Study on Safety and Effectiveness of Three Doses of Argatroban as Anticoagulant in Percutaneous Coronary Intervention (PCI)
A Randomised, Open, Parallel-group, Multicentre Study to Examine the Safety and Effectiveness of Three Doses of Argatroban as Anticoagulant in Combination With Clopidogrel and Aspirin in Patients Undergoing Elective Percutaneous Coronary Intervention in Comparison With Unfractionated Heparin, Clopidogrel and Aspirin
This is a phase II multi-centre study in 140 patients undergoing elective PCI to obtain the information on dose-response of argatroban in pharmacodynamic markers and to assess the anticoagulation, safety and efficacy of argatroban in reference to unfractionated heparin, in combination with dual antiplatelet therapy.

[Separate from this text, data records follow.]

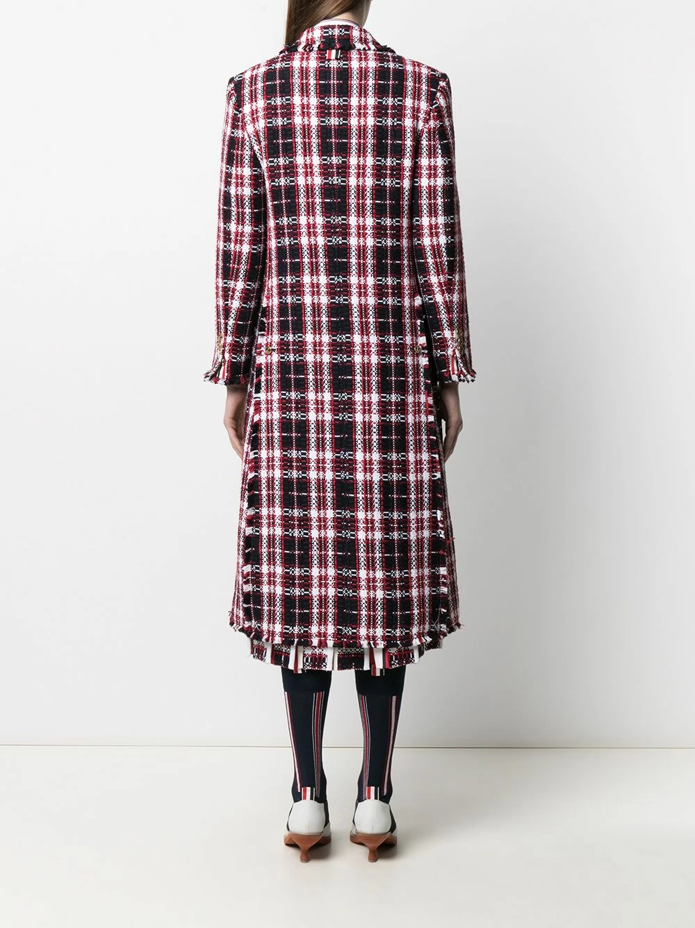 Incorporate Thom Browne’s elegance into your wardrobe. Crafted from tweed, this tartan overcoat will have you exuding refinement like no other. Contemporary tailoring.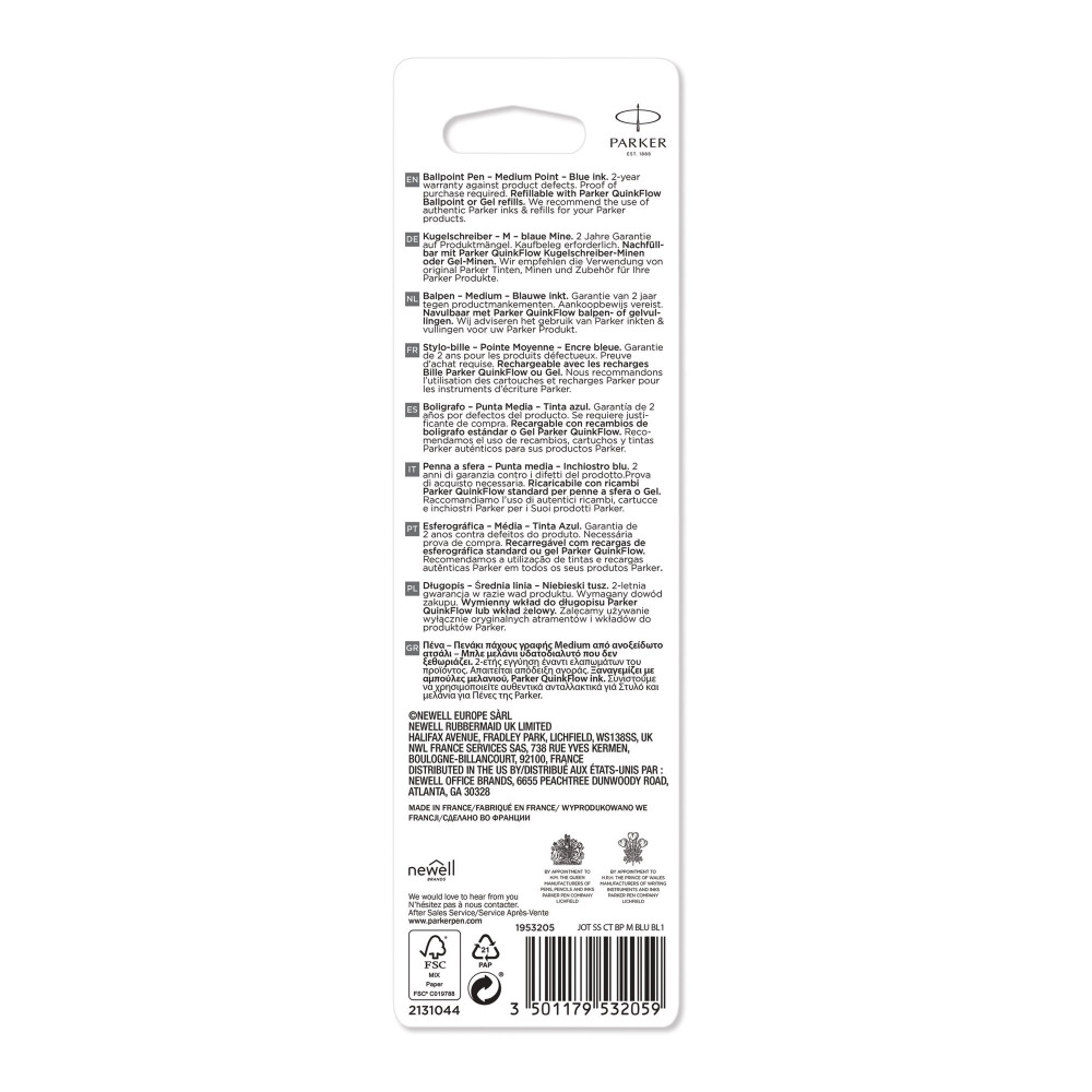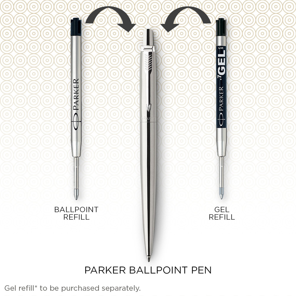 - Fitted with Quinkflow ballpoint refill for optimal ink flow and a smooth writing experience; blue ink; medium tip; also accepts PARKER gel refills
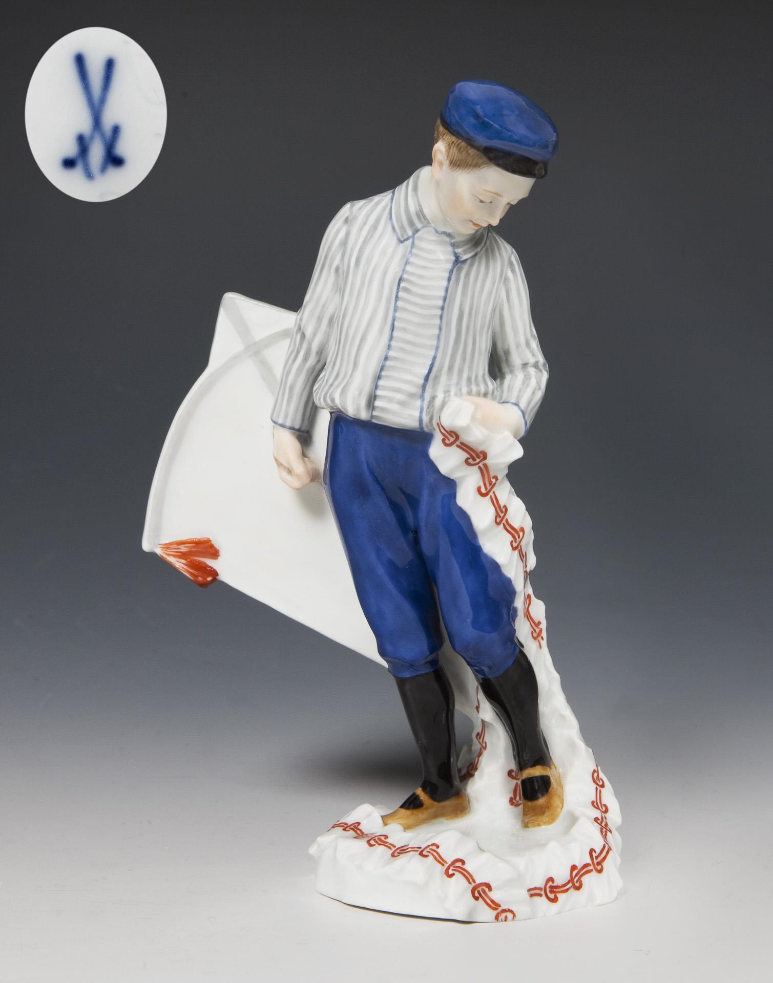 Jugendstil-Figur: Knabe mit Drachen. Meissen.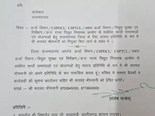राजनांदगांव: रूपचंद भीमनानी को राजनांदगांव सांसद संतोष पाण्डेय ने अपना प्रतिनिधि नियुक्त किया है। उन्हें यह नई जिम्मेदारी विद्युत मंडल से संबंधित कार्यों के लिए सौंपी गई है।

This is a phase II multi-centre study in Europe in patients with stable coronary artery disease or troponin negative unstable angina undergoing elective PCI, to obtain the information on the safety and effects on various pharmacodynamic markers, of three doses of argatroban in combination with clopidogrel and aspirin, and to assess the results of argatroban and unfractionated heparin, both used in combination with clopidogrel and aspirin, on clinical outcomes, adequacy of anticoagulation, various pharmacodynamic markers (approximately 35 patients per group).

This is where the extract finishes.